Repeated dose toxicity: inhalation - local effects

Endpoint conclusion

Endpoint conclusion:

no study available

Repeated dose toxicity: dermal - systemic effects

Endpoint conclusion

Endpoint conclusion:

no study available

Repeated dose toxicity: dermal - local effects

Endpoint conclusion

Endpoint conclusion:

no study available

Additional information

The key study for repeated dose toxicity is the only available study for this endpoint (Dow Corning Corporation, 2005). The study was conducted in accordance with OECD Test Guideline 422 and in compliance with GLP and was therefore assigned Reliability Score 1. Inhalation exposure of the test substance to male and female Sprague-Dawley rats at concentrations of up to 5000 ppm for 28-46 consecutive days was generally well tolerated.
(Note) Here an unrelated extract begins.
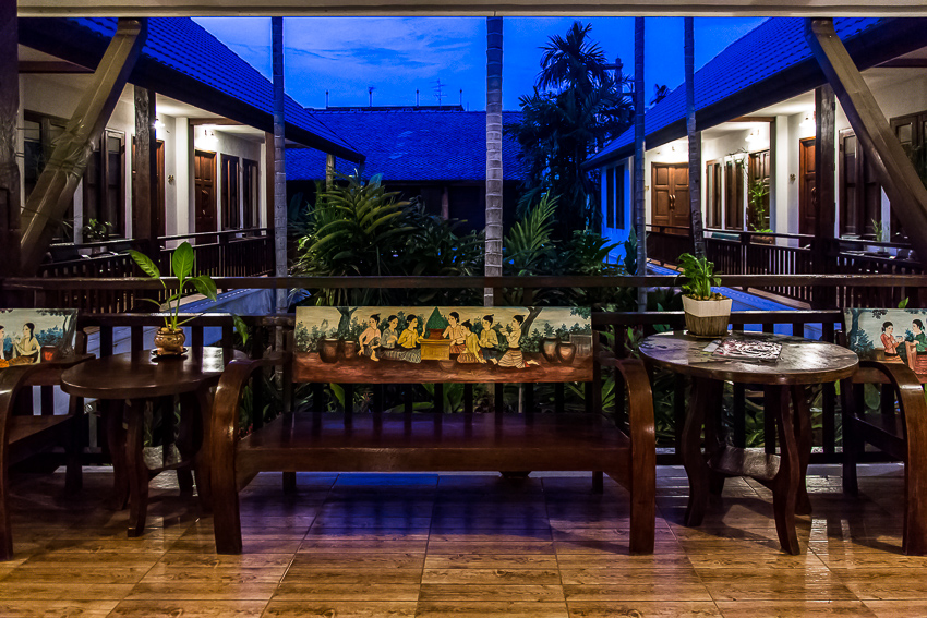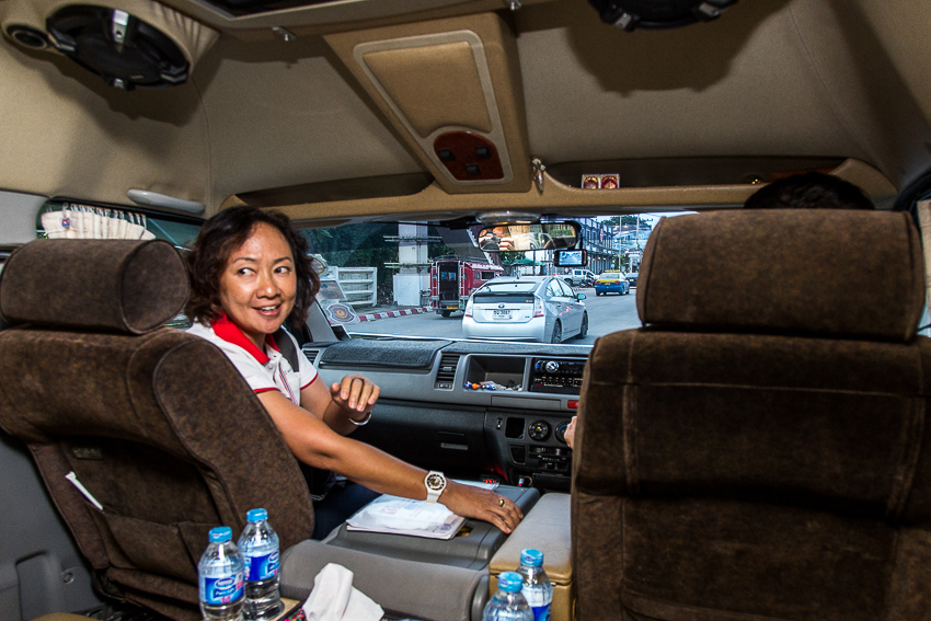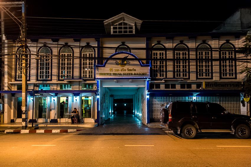 Und wie bereits in Bangkok erwarteten uns von Tischler- Reisen der Fahrer sowie unsere Reiseleiterin für die nächsten 8 Tage mit unserem Namensschild. Wir begrüßten uns herzlichst und stellten uns kurz vor. Ihr Name war Toom, sie hatte Deutsch studiert und lebt in Chiang Mai. Dann liefen wir die wenigen Meter bis zu unserem Gefährt für die nächsten 8 Tage. Ein relativ „großer“, gemütlicher Kleinbus. Die Fahrt bis zum Hotel dauerte ca. 20 weitere Minuten, dann checkten wir in unserer Herberge für die nächste Nacht ein - dem „Shewe Wana Suite Resort“. Hier würden wir am Schluss unserer Rundreise noch einmal zwei Nächte verbringen. Von der Art her ganz anders als das Anantara River Side in Bangkok, aber es hatte mitten in der Stadt seinen eigenen Charme.

There were no clinical signs or effects on body weights and food consumption. No treatment-related changes were observed in any functional observational battery or motor activity parameters. There were no treatment-related alterations in hematology, serum chemistry, organ weights, organ-to-body weight ratios or microscopic examination of organs/tissues among the groups. Histopathological examination of tissues for control and high exposure animals demonstrated no significant findings. Based on the results of this study, the NOAEL for tetramethylsilane was 5000 ppm for systemic toxicology in rats via whole-body vapour inhalation.

A seven day dose-range finding inhalation study (Dow Corning Corporation, 2004, reliability score 4) was conducted in Crl;CD rats and not in compliance with GLP (Dow Corning Corporation, 2004, reliability score 4). The NOAEL for tetramethylsilane was greater than 5000 ppm, the highest dose tested, and the findings were used for dose selection for the main repeated dose study.
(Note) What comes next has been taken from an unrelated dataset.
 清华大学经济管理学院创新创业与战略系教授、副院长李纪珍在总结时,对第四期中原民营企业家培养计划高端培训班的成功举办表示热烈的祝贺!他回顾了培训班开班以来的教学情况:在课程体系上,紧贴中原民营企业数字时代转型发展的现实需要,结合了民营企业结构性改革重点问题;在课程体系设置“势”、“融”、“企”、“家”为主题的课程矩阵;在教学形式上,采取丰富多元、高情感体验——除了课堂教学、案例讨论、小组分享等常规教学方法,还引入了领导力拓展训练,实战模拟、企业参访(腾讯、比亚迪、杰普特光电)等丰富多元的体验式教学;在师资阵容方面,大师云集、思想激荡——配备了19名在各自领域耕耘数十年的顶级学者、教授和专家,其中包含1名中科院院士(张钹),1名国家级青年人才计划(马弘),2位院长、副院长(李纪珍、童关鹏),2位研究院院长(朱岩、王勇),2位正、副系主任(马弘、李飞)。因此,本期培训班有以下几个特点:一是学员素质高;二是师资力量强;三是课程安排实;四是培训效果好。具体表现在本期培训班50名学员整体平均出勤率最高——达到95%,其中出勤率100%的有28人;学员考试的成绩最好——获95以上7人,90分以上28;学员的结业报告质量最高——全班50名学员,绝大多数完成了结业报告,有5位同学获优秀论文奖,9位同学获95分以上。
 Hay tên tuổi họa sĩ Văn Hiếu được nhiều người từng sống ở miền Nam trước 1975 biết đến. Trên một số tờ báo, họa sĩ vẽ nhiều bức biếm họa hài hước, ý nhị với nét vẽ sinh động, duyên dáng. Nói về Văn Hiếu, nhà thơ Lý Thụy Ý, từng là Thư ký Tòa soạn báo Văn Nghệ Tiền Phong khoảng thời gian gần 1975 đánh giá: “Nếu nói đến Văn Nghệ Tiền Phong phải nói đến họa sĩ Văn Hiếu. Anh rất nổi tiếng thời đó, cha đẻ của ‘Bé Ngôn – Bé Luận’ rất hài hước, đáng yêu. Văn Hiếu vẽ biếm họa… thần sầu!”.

A repeated toxicity study via the oral route (OECD Test Guideline 408) is not required on the grounds that there is no significant exposure to humans. Tetramethylsilane is a highly volatile, extremely flammable liquid which forms explosive mixtures with air. Handling of the material is therefore carried out under rigorous containment, as described in Section 9. The recommended uses of the substance are limited to processes in closed systems in the chemical industry and semiconductor manufacturing sector. Very small quantities (typically <25 ml containers) may be supplied for laboratory use by trained workers. Due to the physicochemical properties, such handling is recommended to be performed only in fume cupboards or glove boxes under nitrogen. There are no wide-dispersive uses of the substance.

Justification for classification or non-classification

There are no data to suggest that tetramethylsilane should be classified for specific target organ toxicity following repeated exposure according to Regulation (EC) No 1272/2008.